CNNs offer the capability to peek into various layers by examining the filters or "kernels" being used. The following example from layer 15 gives an idea of the features being detected by Chemception:

Layer 15
Layer 15. Copyright 2017 Esben Jannik Bjerrum, reprinted with permission.


I doubt that the current accuracy of Chemception's predictions would be of practical use today. Rather, Chemception provides a platform from which such systems may eventually emerge. Recent history suggests that such an emergence may be closer than it seems.

Chemception offers a glimpse into a future in which lightly processed chemical datasets can be fed directly into off-the-shelf data learning pipelines to yield highly accurate predictive models. In this future, an iteratively hand-crafted molecular representation is no longer necessary. Instead, the system adapts itself to a much more raw form of structural data, identifying and classifying molecular features on its own and in a matter that may significantly diverge from human intuition.

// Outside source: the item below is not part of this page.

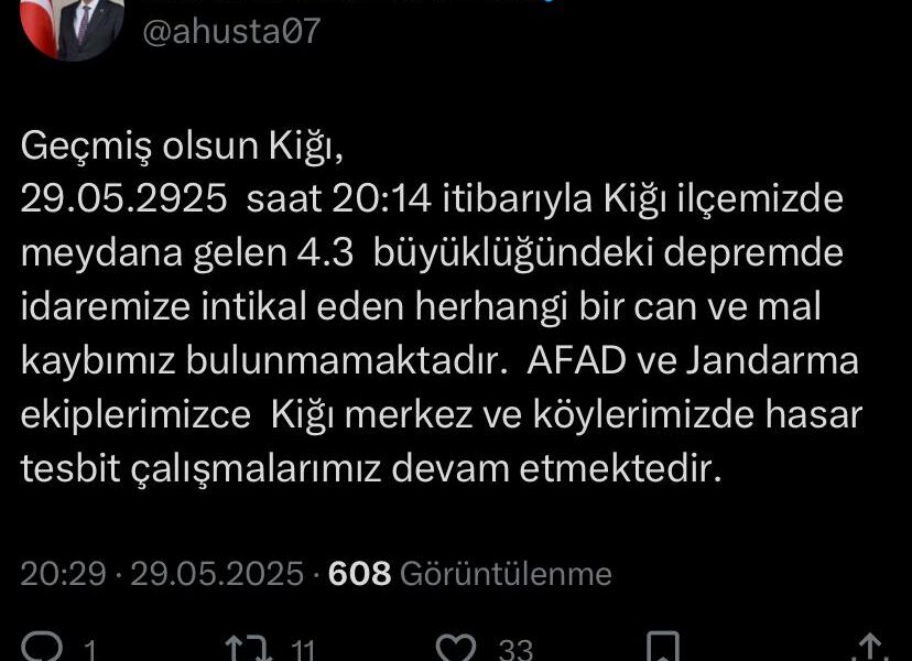 Bingöl Valisi Ahmet Hamdi Usta, sosyal medya hesabından yaptığı paylaşımda, “29.05.2025 saat 20:14 itibarıyla Kiğı ilçemizde meydana gelen 4.3 büyüklüğündeki depremde idaremize intikal eden herhangi bir can ve mal kaybımız bulunmamaktadır. AFAD ve Jandarma ekiplerimizce Kiğı merkez ve köylerimizde hasar tespit çalışmalarımız devam etmektedir” dedi.

Chemception also hints at the potential for deepening insights into numerous kinds of structure-property relationships. Already it's clear that some predictions will be more amenable to this streamlined approach than others. Could, for example, well-suited problems have some deeper, as yet unidentified, physical connection? Investigations along these lines may be aided by probing the convolutional layers generated during training.

Finally, it's worth mentioning the uncanny way in which Chemception seems to operate. For many chemists, and medicinal chemists in particular, 2D structure images are the bread-and-butter for the work they do. Structure images are information-rich, readily parsed, and instantly recognizable. They are the go-to resource for just about any project focused on getting small organic molecules to do something useful. The fact that Chemception is using a nearly identical form of input to perform what is essentially the same task as many highly-trained chemists is… unsettling.

It's one thing for a neural network to beat the pants off of someone classifying cat pictures or playing Go. It's an entirely different matter to ponder a neural network that routinely surpasses the world's best medicinal chemists.